The dog can be conditioned to take the leg with fast and confident strikes with many reps. You will find this useful for young dogs learning to bite in dark rooms, or for example in the video a dark small bathroom. Often dogs will go into a picture like this and bump into the decoys legs and then shoot up to find their target area. You may notice the dog might be on an awkward biting area such as the ribs, back, hip or even just a piece of the suit in the torso area. In this training progression we are trying to eliminate the dogs natural tendency to take its time to figure out its upper body target areas, biceps, triceps, forearms. Remember these pictures are tight spaces, dark rooms, hidden decoys around corners. The dog will have to take even the slightest amount of time to find an upper body target area. In building repetitions of the dog engaging in the legs you should notice it can help with faster, confident, and more committed strikes for these pictures.

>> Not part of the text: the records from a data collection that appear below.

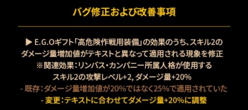 ▶E.G.Oギフト「高危険作戦用装備」の効果のうち、スキル2のダメージ量増加値がテキストと異なって適用される現象を修正。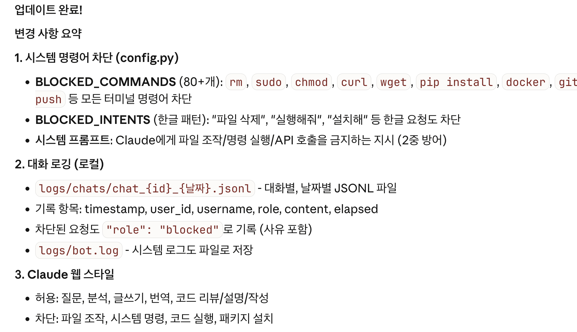 보안 문제가 생길까봐 봇의 작동 원리를 물어봤는데 너무 알기 쉽게 설명해 줌!
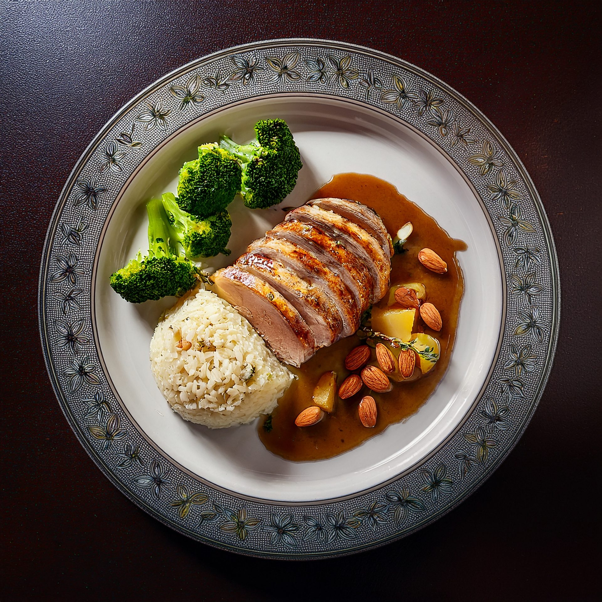 Filet de porc farci à la poire, amandes et fromage en grain, sauce au Brandy accompagné de riz basmati et légumes du marché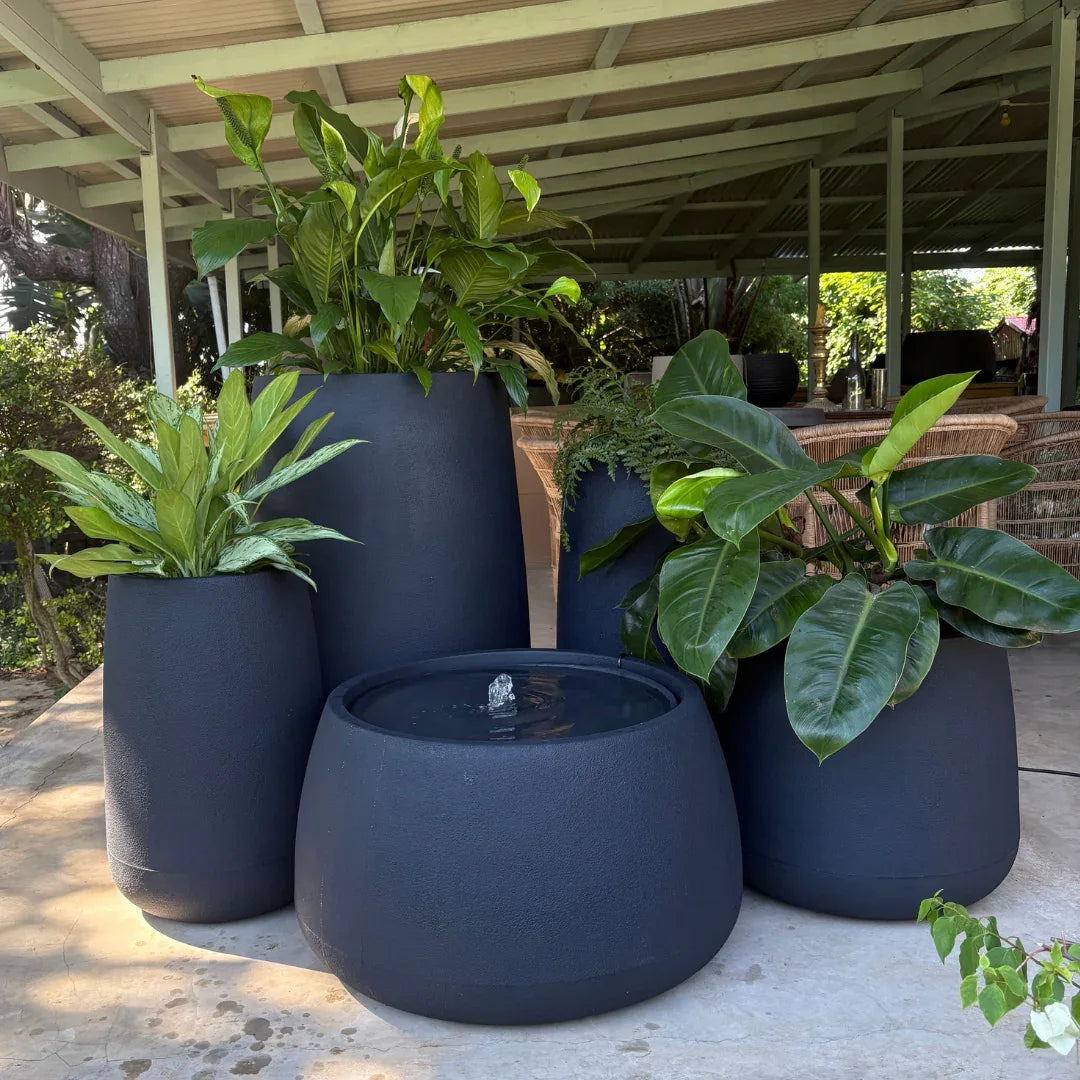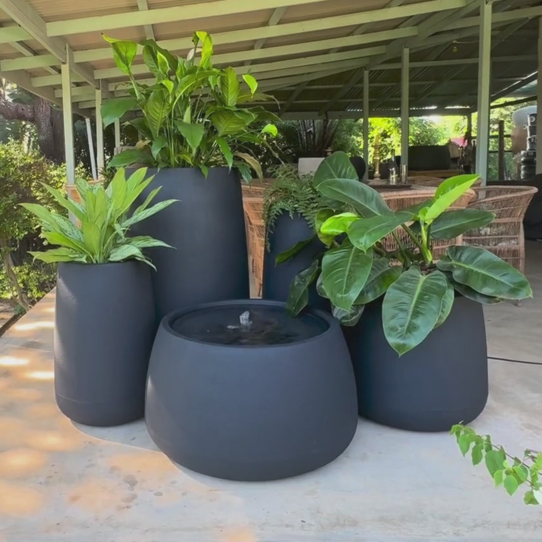 This curated five-piece collection includes Bios Tall Small, Bios Tall Medium, Bios Tall Large, Bios Medium planters, plus the bestselling Bios Low as a stunning water feature—perfect harmony of sleek design and soothing functionality.

This video shows dogs that have already learned leg targeting with the leg sleeve first. Then progressed to suit pants targeting. All these dogs are primarily upper body targeting dogs. We use the plastic barrel to block their primary target area and to help push them into the legs. When doing this you want to use something like this barrel, hard plastic something they can’t grab and satisfy themselves with. We can also let them try to go up and attempt to bite the barrel so they learn that won’t work, then they will start to look under at their secondary target. Throughout the video you will see we still use the barrel to block the primary around corners, in tight spaces, and in the dark room. We do this because we are still in the phase of trying to develop a habit for these contexts, building repetitions that either leg is a valuable choice. Eventually the dog will take the leg without the primary target area being blocked. The dog has learned what works most efficiently in these scenarios.
As you go through this process you can also incorporate this with things such as door alerts. The decoy can pop the door open and you can condition the dog to immediately go straight into the legs. This can be extended to scenarios such as open door vehicle extractions, where legs may be readily available, by blocking upper targets for a while to condition the leg target.